Darlene chose the Kimmel Cancer Center for its expertise in treating cancer, but her journey became much more than that.

“Johns Hopkins has been a blessing to me,” she says. “The doctors and nurses have taken wonderful care of me, but there are so many others who have helped me too. Social workers have helped me navigate financial burdens, like the cost of driving back and forth for treatments. I’m so glad I picked this place.”

As Darlene’s radiant smile transforms the clinic area and patients seek her out to share updates in their own personal journeys, it is clear what truly inspires her.

“I made it about others because I love people,” she says.
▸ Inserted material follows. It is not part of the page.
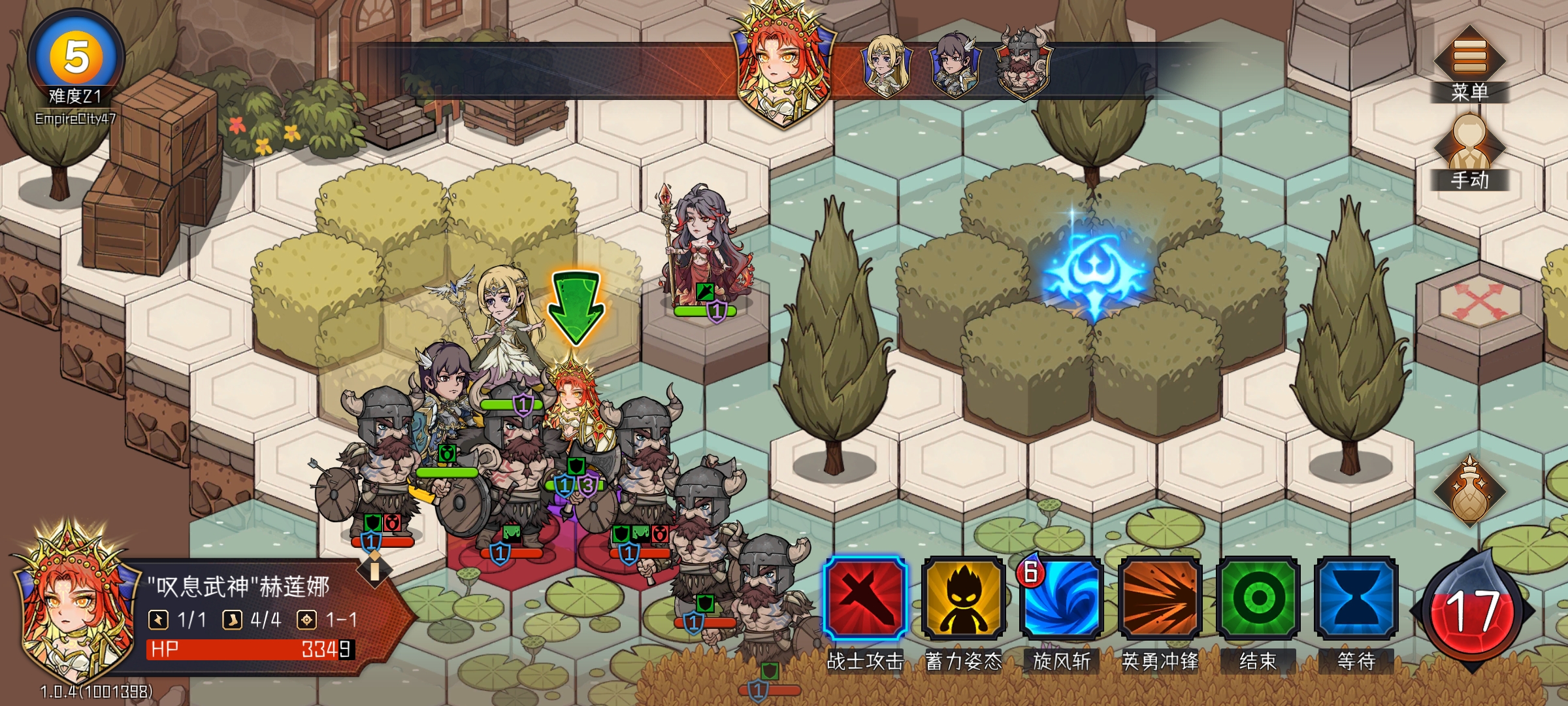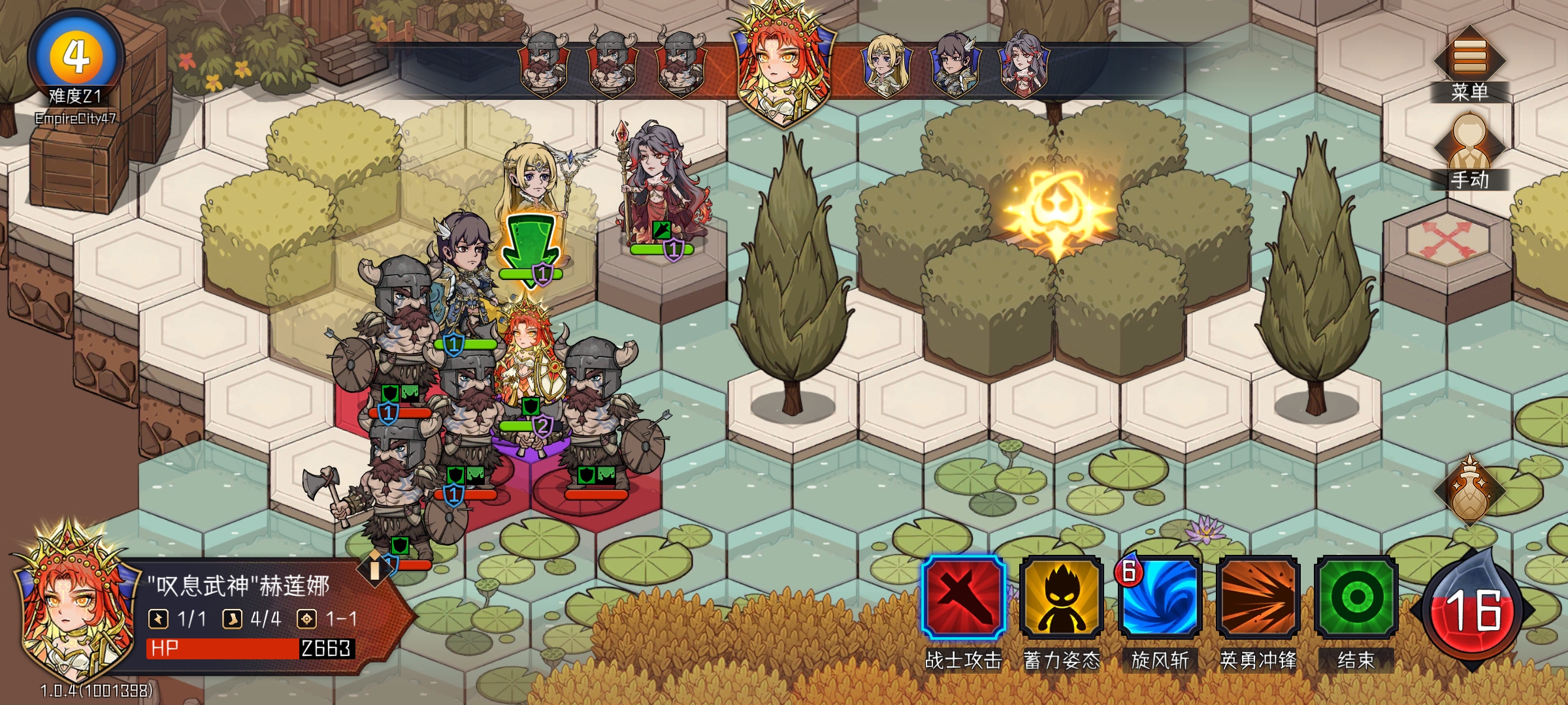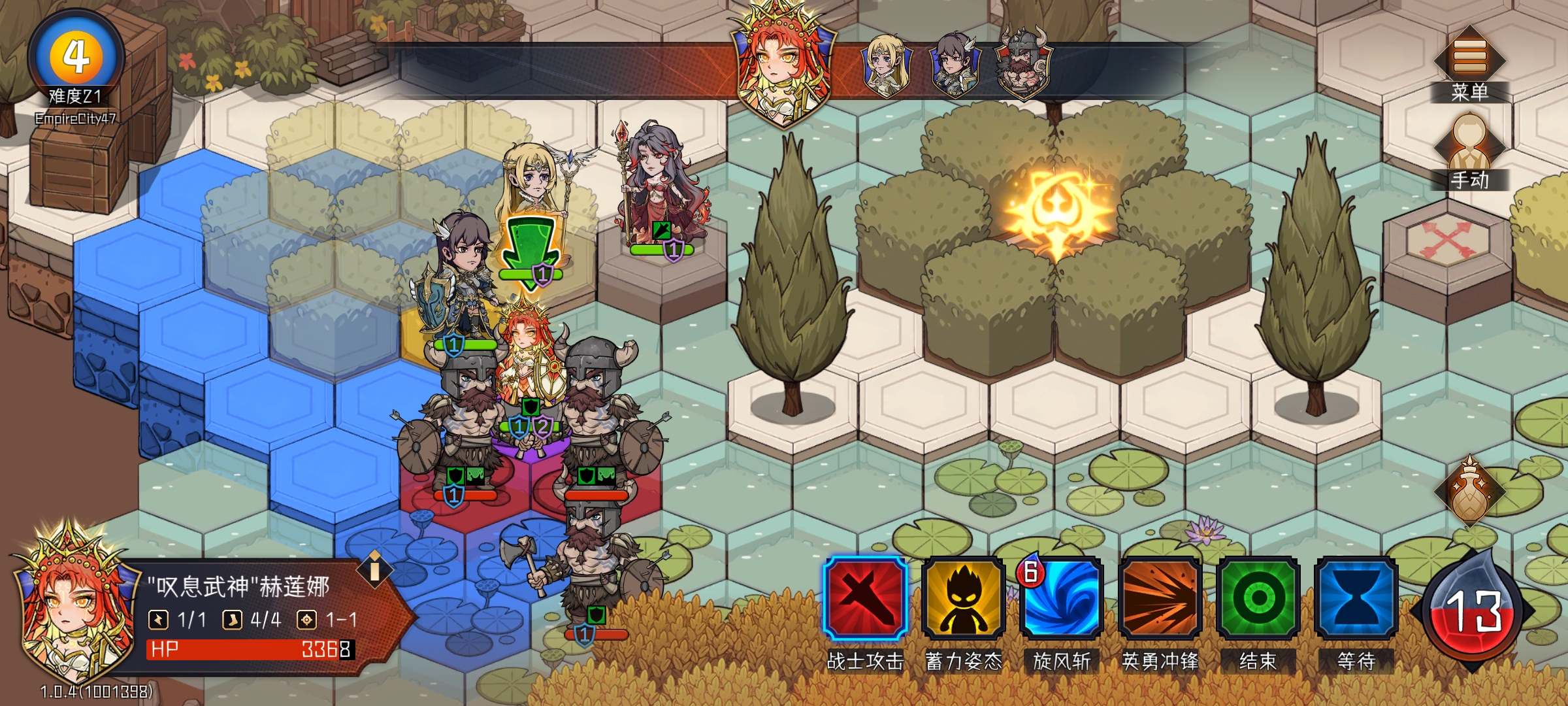 此时针对敌方残血单位进行集火,避免轮到该单位回合时触发回血。至此通过“等待”的机制,调整角色行动顺序,将我方单位两回合的输出伤害在敌方单位回血前全部输出完成。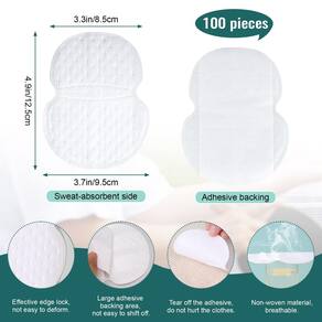 da embalagem?O conjunto inclui 100 almofadas de suor nas axilas no total, quantidade suficiente para atender às suas necessidades diárias de uso e substituição. O tamanho de cada almofada é de 5,5 x 6,1 polegadas (14 x 15,5 cm).

Her mission is to put real faces and human spirit to this often impersonal and harrowing journey of cancer diagnosis and treatment. Her smiling face can be seen in the Kimmel Cancer Center even on days when she does not have an appointment. She is there to celebrate with patients who finish treatment and to support those going through difficult times.

Darlene’s is not the cancer experience most imagine. She is rewriting that script.

The people keep me coming back,” Darlene says. I want them to know they are strong. I’m happy when I see patients fighting back against cancer. I can inspire them, and they inspire me.”